It didn't take long for the concept of antifragility to be used also for describing some of the software development principles and architectural styles. Some would say that SOLID prinsiples are antifragile, some would say that microservices are antifragile, and some would say software systems cannot be antifragile ever. This article is my take on the subject.

According to Taleb, fragility, robustness, resilience and antifragility are all very different. Fragility involves loss and penalisation from disorder. Robustness is enduring to stress with no harm nor gain. Resilience involves adapting to stress and staying the same. And antifragility involves gain and benefit from disorder. If we try to relate these concepts and their characteristics to software systems, one way to define them would be as the following.

Disorder

Different systems are affected by different kind of disorder, such as stress, time, change, volatility, debt, etc. For software systems, the main disorder is the change. The business is in a constant changing environment and the software needs to adapt to the business needs quickly. That is implementing new requirements, changes to existing functionality, even creating new business opportunities through innovation. A software system has to change all the time, otherwise it is obsolete.
Apart from development time challenges, there are also runtime challenges for software systems too. Software systems are created and exists to add value by running in a production environment. And while doing so, they are under stress by end users and other systems. This is another kind of disorder, that software systems have to deal with.

Fragile

This property describes systems that suffer when put under stress. Imagine a software project that is not easy to change at development time. For example if it is not easy to extend, modify and deploy to the production environment. Or a system that is not able to handle unexpected user inputs or external system failures and breaks easily. That's is a fragile system that is harmed by stress and penalised by change, a good example of fragile.

Robust

This is a system that can continue functioning in the presence of internal and external challenges without adaptation. Every system is robust up to a level. For example a bottle is robust until it reaches the level of breaking point. A software system can be made robust to handle unanticipated user input, or failures in external systems. For example handling NPE in Java, using try-catch-finally statements to handle unreliable invocations, having a thread pool to handle concurrent users, creating network connections using timeouts, are all examples of robustness for a software system. But a robust system doesn't adapt to a chaining environment and when the stress and change threshold is reached it would break. The qualities that define the robustness vary from system to system. An ATM for example needs to be robust and not fail in the middle of a transaction, whereas, a media streaming service can drop a frame or two, as long as it continues streaming under stress.

Resilient

A system is resilient when it can adapt to internal and external challenges by changing its method of operation. The key here is that the system is responding to stress by changing its internal behaviour rather than resisting stress with a predefined buffer.
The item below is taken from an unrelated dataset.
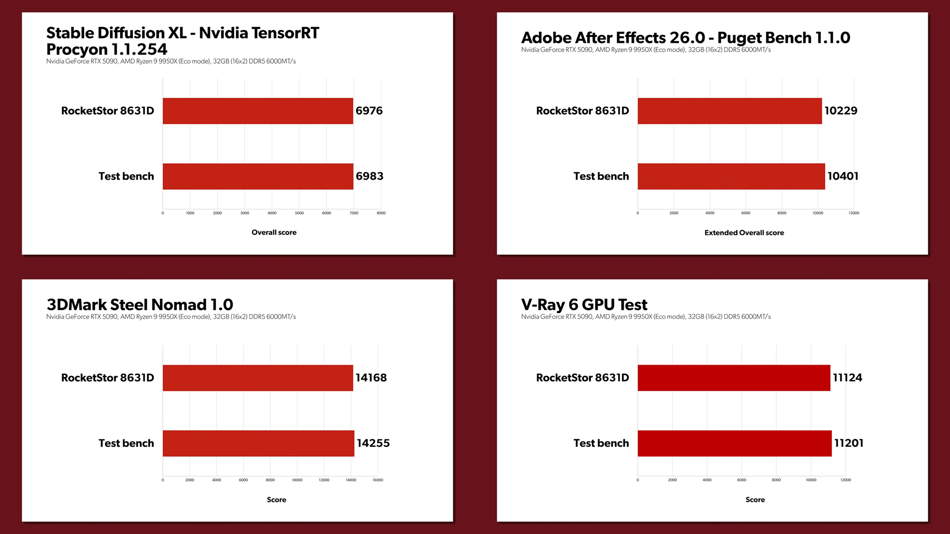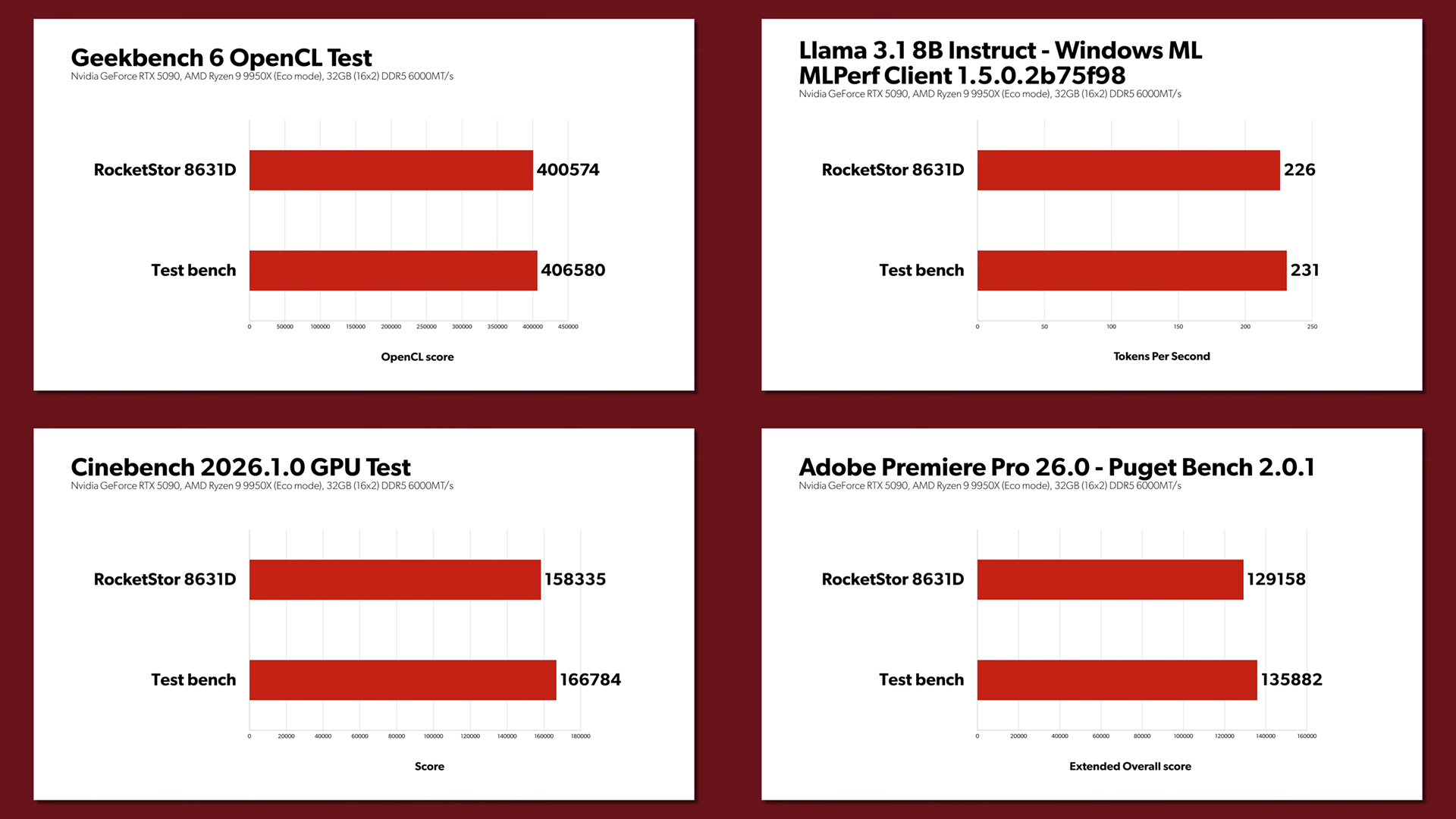 PCWorld bir CopprLink kurulumunu bir masaüstü Nvidia RTX 5090 ile test etti. Bu kurulumda HighPoint'in CopprLink kablolamasına dayanan RocketStor 8631D'si kullanıldı. Ancak normal bir eGPU kurulumundan farklı olarak bu kurulum doğrudan bir masaüstü bilgisayara, dizüstü bilgisayara ya da taşınabilir oyun bilgisayarına bağlanamıyor.

A typical example here is the circuit breaker pattern which changes its internal state to adapt to the external system behaviour to protect itself.
Another example would be using a retry mechanism with some backoff algorithm to handle transient failures in external systems.
A different technique for creating resilient systems is through graceful degradation, both on the UI and the server side. Rendering UI based on the user agent capabilities, or failing fast on the server side and fallback to some default values are commonly used techniques to adapt to failures.
Systems with self healing and autorepair capabilities are another example of resiliency. These systems are self-aware and can detect abnormalities and take corrective actions. For example Kubernetes/OpenShift will perform regular liveness checks for the running Docker containers and if they detect any anomalies they will restart the container and perform necessary backoffs until the application stabilises. This is another mechanism to cope with stress and improve application resilience.

Overview

Before looking at the next level of software evolution - the antifragile systems, let's visualise and summarise different kind of software system characteristics.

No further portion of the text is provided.